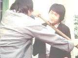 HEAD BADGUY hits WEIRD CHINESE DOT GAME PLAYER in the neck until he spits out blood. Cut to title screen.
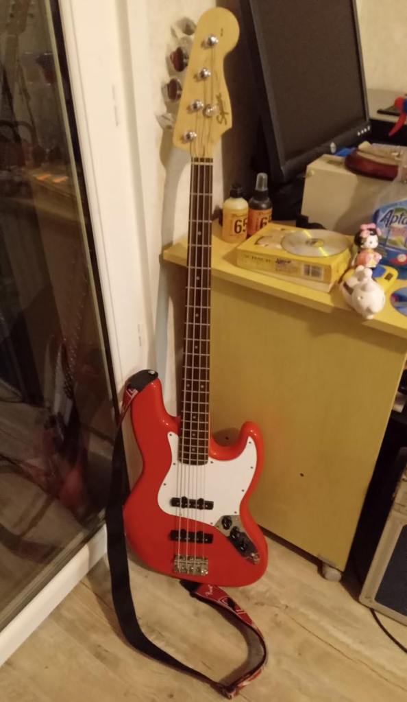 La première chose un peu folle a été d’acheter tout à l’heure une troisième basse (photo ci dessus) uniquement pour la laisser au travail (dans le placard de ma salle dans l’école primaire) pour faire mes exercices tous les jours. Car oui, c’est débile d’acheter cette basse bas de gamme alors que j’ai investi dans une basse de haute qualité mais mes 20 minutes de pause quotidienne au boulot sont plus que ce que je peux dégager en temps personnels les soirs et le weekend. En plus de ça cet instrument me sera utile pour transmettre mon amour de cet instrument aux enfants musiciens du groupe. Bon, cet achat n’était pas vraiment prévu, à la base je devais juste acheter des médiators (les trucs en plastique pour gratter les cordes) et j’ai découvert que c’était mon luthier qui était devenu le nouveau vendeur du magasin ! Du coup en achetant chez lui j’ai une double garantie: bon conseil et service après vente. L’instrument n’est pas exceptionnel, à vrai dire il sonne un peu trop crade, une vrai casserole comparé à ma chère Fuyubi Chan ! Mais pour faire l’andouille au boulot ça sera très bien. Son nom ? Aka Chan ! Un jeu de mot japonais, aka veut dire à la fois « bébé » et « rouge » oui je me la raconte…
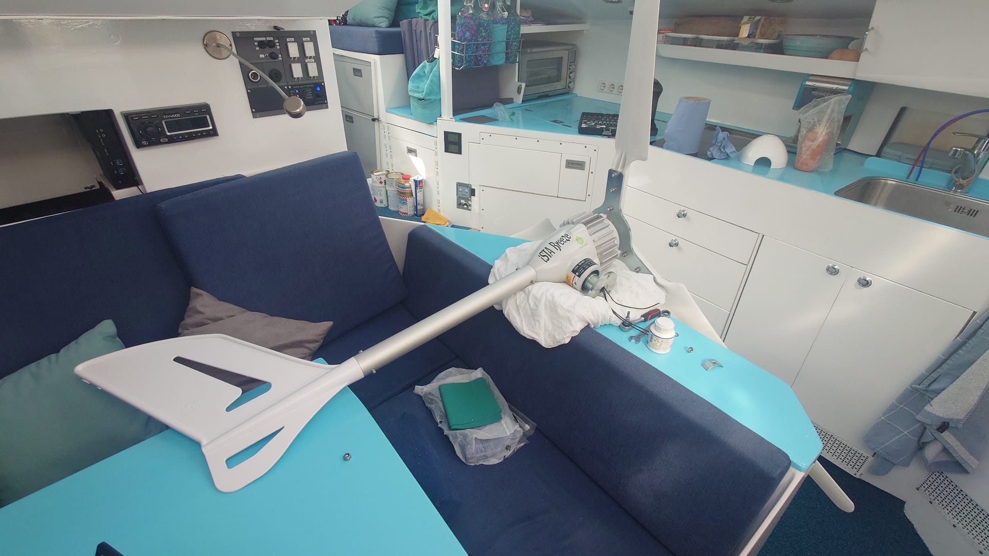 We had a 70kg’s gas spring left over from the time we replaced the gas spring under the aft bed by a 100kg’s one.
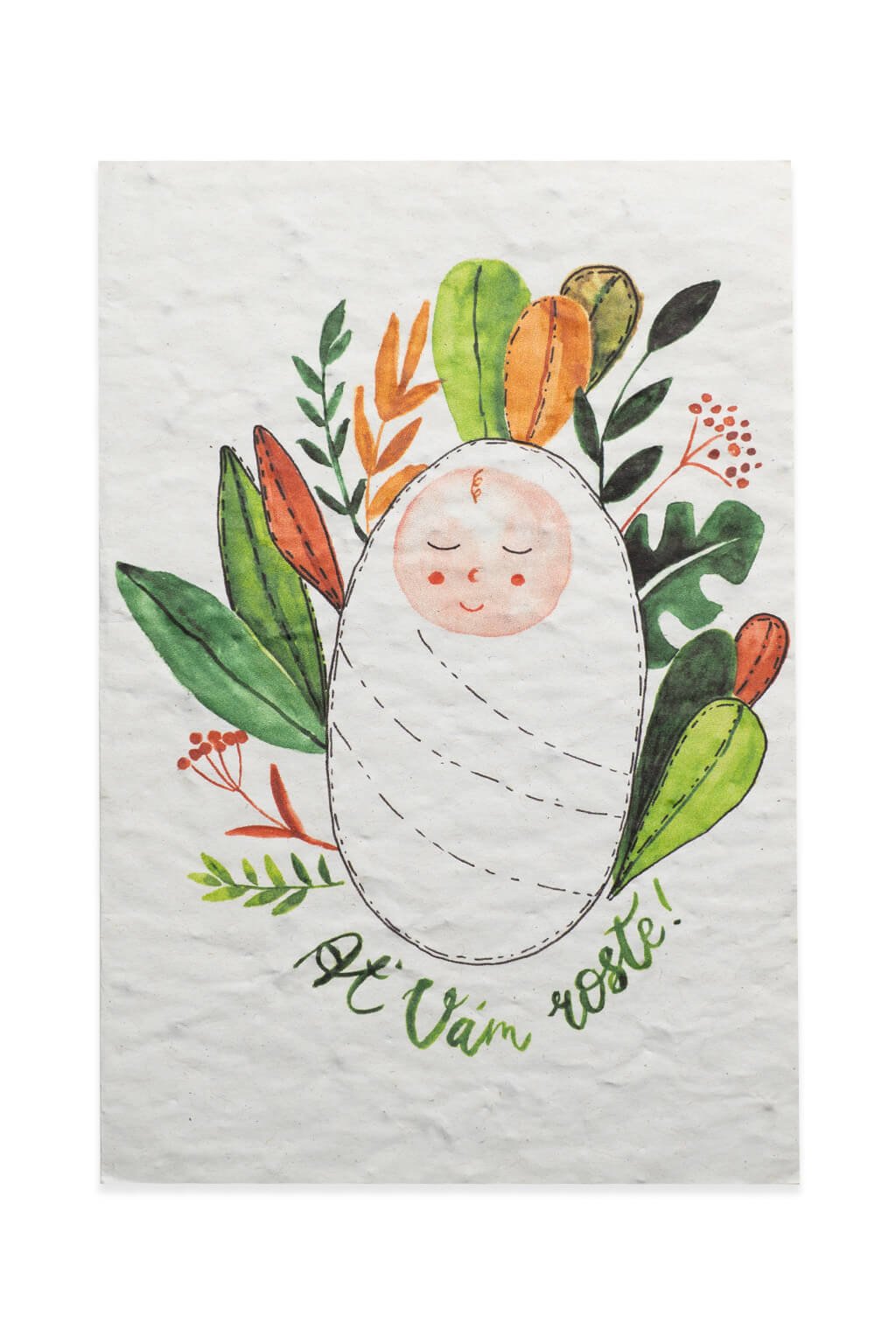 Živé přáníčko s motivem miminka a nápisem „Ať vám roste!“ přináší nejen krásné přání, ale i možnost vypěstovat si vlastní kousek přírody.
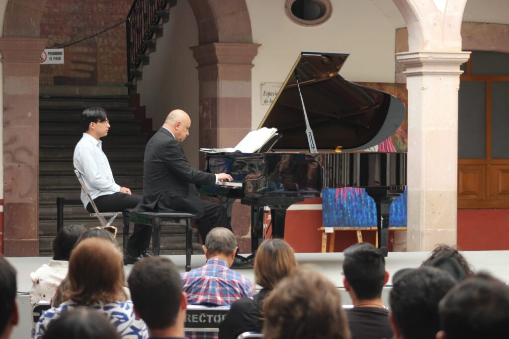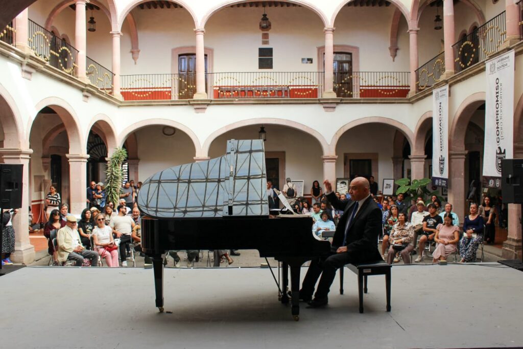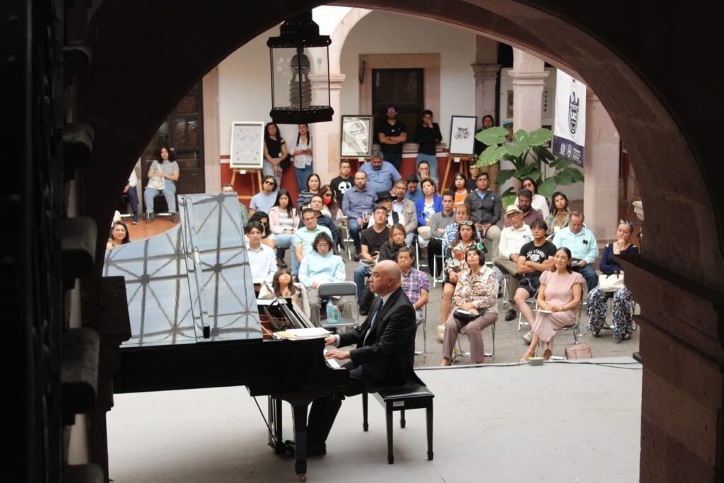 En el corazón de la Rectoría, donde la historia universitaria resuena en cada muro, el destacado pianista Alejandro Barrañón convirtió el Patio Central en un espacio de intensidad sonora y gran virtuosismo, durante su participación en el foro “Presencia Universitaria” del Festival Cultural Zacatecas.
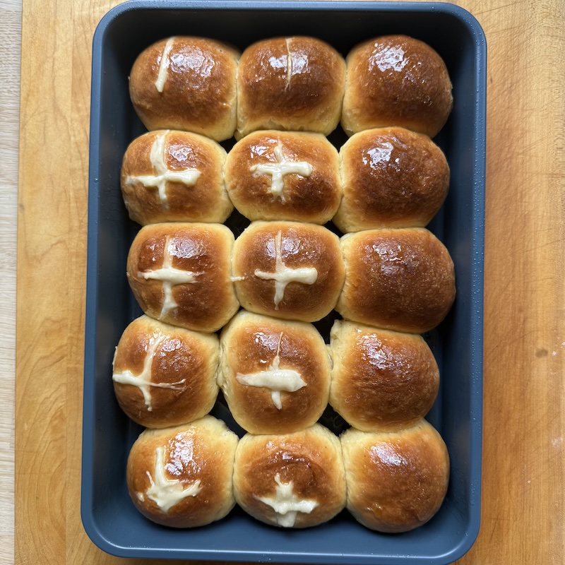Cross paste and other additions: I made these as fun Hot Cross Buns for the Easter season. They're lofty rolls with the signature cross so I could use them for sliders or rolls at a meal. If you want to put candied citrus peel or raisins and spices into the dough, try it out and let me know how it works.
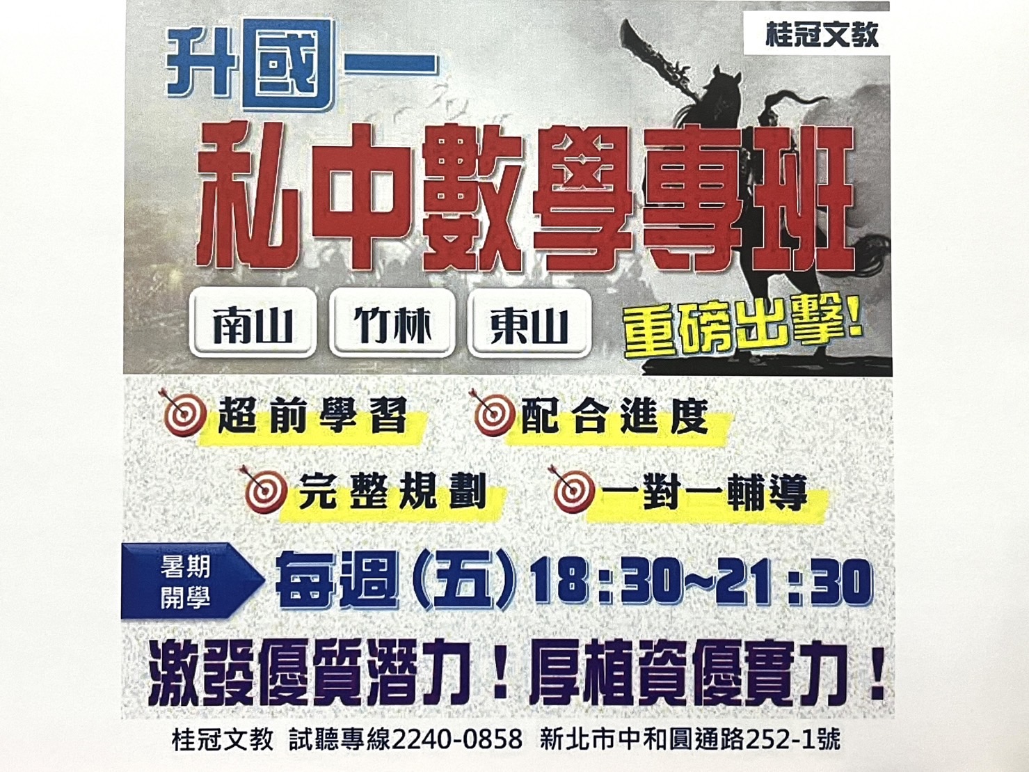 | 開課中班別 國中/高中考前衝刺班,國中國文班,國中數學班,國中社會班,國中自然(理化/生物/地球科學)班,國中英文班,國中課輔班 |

**********

• **WHAT IS NEEDED**
Write out, exactly and with nothing added, every line from the one that holds "We had a 70kg’s" to the end of the entries above; pictures stay out.

• **RESPONSE BELOW**
 We had a 70kg’s gas spring left over from the time we replaced the gas spring under the aft bed by a 100kg’s one.
 Živé přáníčko s motivem miminka a nápisem „Ať vám roste!“ přináší nejen krásné přání, ale i možnost vypěstovat si vlastní kousek přírody.
 En el corazón de la Rectoría, donde la historia universitaria resuena en cada muro, el destacado pianista Alejandro Barrañón convirtió el Patio Central en un espacio de intensidad sonora y gran virtuosismo, durante su participación en el foro “Presencia Universitaria” del Festival Cultural Zacatecas.
Cross paste and other additions: I made these as fun Hot Cross Buns for the Easter season. They're lofty rolls with the signature cross so I could use them for sliders or rolls at a meal. If you want to put candied citrus peel or raisins and spices into the dough, try it out and let me know how it works.
 | 開課中班別 國中/高中考前衝刺班,國中國文班,國中數學班,國中社會班,國中自然(理化/生物/地球科學)班,國中英文班,國中課輔班 |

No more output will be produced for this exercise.